On 11/18/2019 10:54 PM, Paul E. McKenney wrote:
> On Mon, Nov 18, 2019 at 04:41:47PM +0000, Neeraj Upadhyay wrote:
>> Hi Paul,
>>
>>
>> On 11/18/2019 8:38 PM, Paul E. McKenney wrote:
>>> On Mon, Nov 18, 2019 at 09:28:39AM +0000, Neeraj Upadhyay wrote:
>>>> Hi Paul,
>>>>
>>>> On 11/18/2019 3:06 AM, Paul E. McKenney wrote:
>>>>> On Fri, Nov 15, 2019 at 10:58:14PM +0530, Neeraj Upadhyay wrote:
>>>>>> For the tasks waiting in exp_wq inside exp_funnel_lock(),
>>>>>> there is a chance that they might be indefinitely blocked
>>>>>> in below scenario:
>>>>>>
>>>>>> 1. There is a task waiting on exp sequence 0b'100' inside
>>>>>>       exp_funnel_lock().
>>>>>>
>>>>>>       _synchronize_rcu_expedited()
>>>>>
>>>>> This symbol went away a few versions back, but let's see how this
>>>>> plays out in current -rcu.
>>>>>
>>>>
>>>> Sorry; for us this problem is observed on 4.19 stable version; I had
>>>> checked against the -rcu code, and the relevant portions were present
>>>> there.
>>>>
>>>>>>         s = 0b'100
>>>>>>         exp_funnel_lock()
>>>>>>           wait_event(rnp->exp_wq[rcu_seq_ctr(s) & 0x3]
>>>>>
>>>>> All of the above could still happen if the expedited grace
>>>>> period number was zero (or a bit less) when that task invoked
>>>>
>>>> Yes
>>>>
>>>>> synchronize_rcu_expedited().  What is the relation, if any,
>>>>> between this task and "task1" below?  Seems like you want them to
>>>>> be different tasks.
>>>>>
>>>>
>>>> This task is the one which is waiting for the expedited sequence, which
>>>> "task1" completes ("task1" holds the exp_mutex for it). "task1" would
>>>> wake up this task, on exp GP completion.
>>>>
>>>>> Does this task actually block, or is it just getting ready
>>>>> to block?  Seems like you need it to have actually blocked.
>>>>>
>>>>
>>>> Yes, it actually blocked in wait queue.
>>>>
>>>>>> 2. The Exp GP completes and task (task1) holding exp_mutex queues
>>>>>>       worker and schedules out.
>>>>>
>>>>> "The Exp GP" being the one that was initiated when the .expedited_sequence
>>>>> counter was zero, correct?  (Looks that way below.)
>>>>>
>>>> Yes, correct.
>>>>
>>>>>>       _synchronize_rcu_expedited()
>>>>>>         s = 0b'100
>>>>>>         queue_work(rcu_gp_wq, &rew.rew_work)
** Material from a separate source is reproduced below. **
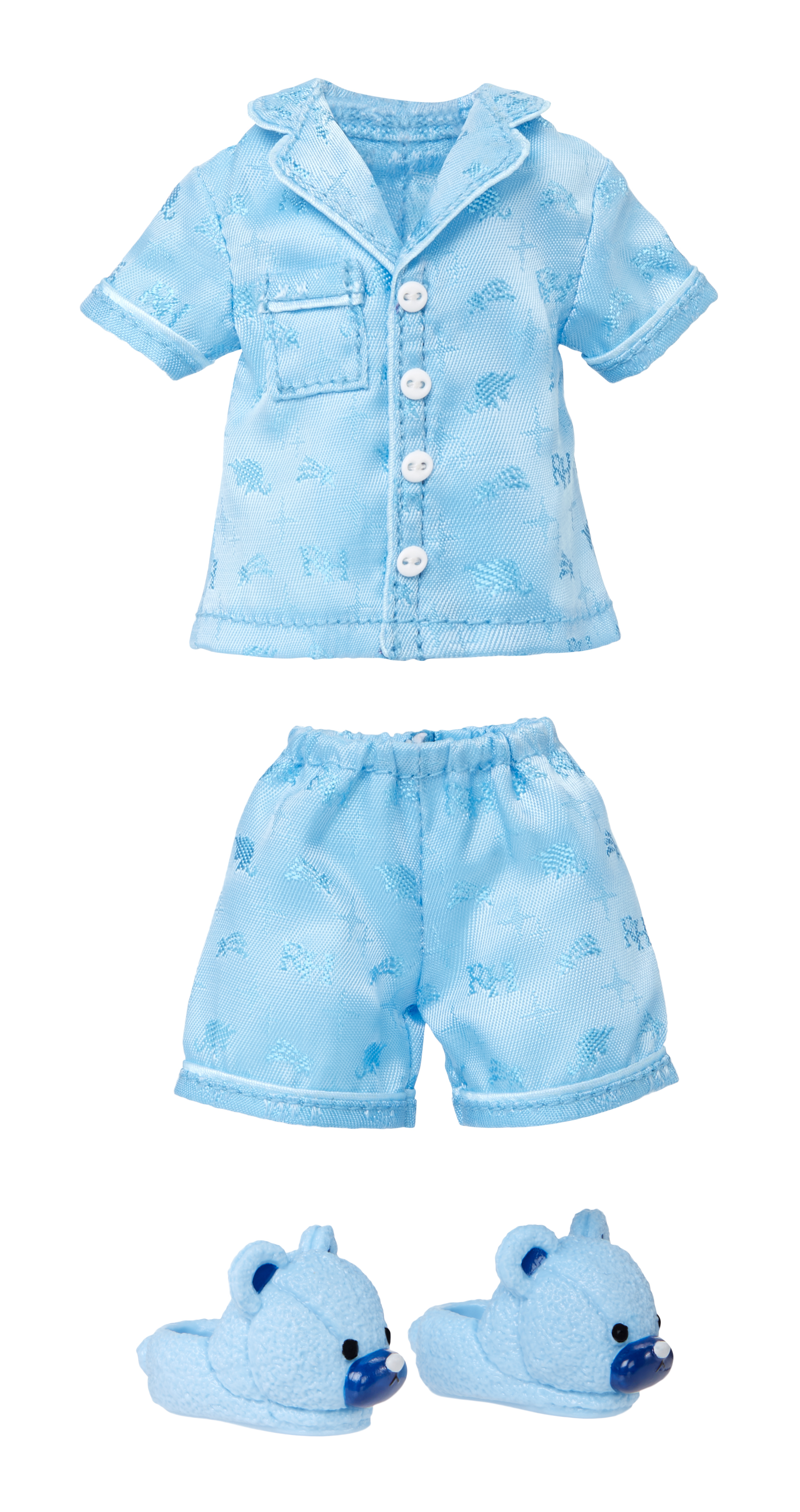 SCHATTIGE KENMERKEN: Skyler draagt een schattige, tweedelige, satijnen pyjamaset en bijpassende, blauwe berenslippers. Ze heeft een supermooi, jonger gezichtje, schitterend lang, blauw haar met grove krullen, lange wimpers en glazen ogen

>>>>>>           wake_up_worker()
>>>>>>             schedule()
>>>>>>
>>>>>> 3. kworker A picks up the queued work and completes the exp gp
>>>>>>       sequence.
>>>>>>
>>>>>>       rcu_exp_wait_wake()
>>>>>>         rcu_exp_wait_wake()
>>>>>>           rcu_exp_gp_seq_end(rsp) // rsp->expedited_sequence is incremented
>>>>>>                                   // to 0b'100'
>>>>>>
>>>>>> 4. task1 does not enter wait queue, as sync_exp_work_done() returns true,
>>>>>>       and releases exp_mutex.
>>>>>>
>>>>>>       wait_event(rnp->exp_wq[rcu_seq_ctr(s) & 0x3],
>>>>>>         sync_exp_work_done(rsp, s));
>>>>>>       mutex_unlock(&rsp->exp_mutex);
>>>>>
>>>>> So task1 is the one that initiated the expedited grace period that
>>>>> started when .expedited_sequence was zero, right?
>>>>>
>>>>
>>>> Yes, right.
>>>>
>>>>>> 5. Next exp GP completes, and sequence number is incremented:
>>>>>>
>>>>>>       rcu_exp_wait_wake()
>>>>>>         rcu_exp_wait_wake()
>>>>>>           rcu_exp_gp_seq_end(rsp) // rsp->expedited_sequence = 0b'200'
>>>>>>
>>>>>> 6. As kworker A uses current expedited_sequence, it wakes up workers
>>>>>>       from wrong wait queue index - it should have worken wait queue
>>>>>>       corresponding to 0b'100' sequence, but wakes up the ones for
>>>>>>       0b'200' sequence. This results in task at step 1 indefinitely blocked.
>>>>>>
>>>>>>       rcu_exp_wait_wake()
>>>>>>         wake_up_all(&rnp->exp_wq[rcu_seq_ctr(rsp->expedited_sequence) & 0x3]);
>>>>>
>>>>> So the issue is that the next expedited RCU grace period might
>>>>> have completed before the completion of the wakeups for the previous
>>>>> expedited RCU grace period, correct?  Then expedited grace periods have
>>>>
>>>> Yes. Actually from the ftraces, I saw that next expedited RCU grace
>>>> period completed while kworker A was in D state, while waiting for
>>>> exp_wake_mutex. This led to kworker A using sequence 2 (instead of 1) for
>>>> its wake_up_all() call; so, task (point 1) was never woken up, as it was
>>>> waiting on wq index 1.
>>>>
>>>>> to have stopped to prevent any future wakeup from happening, correct?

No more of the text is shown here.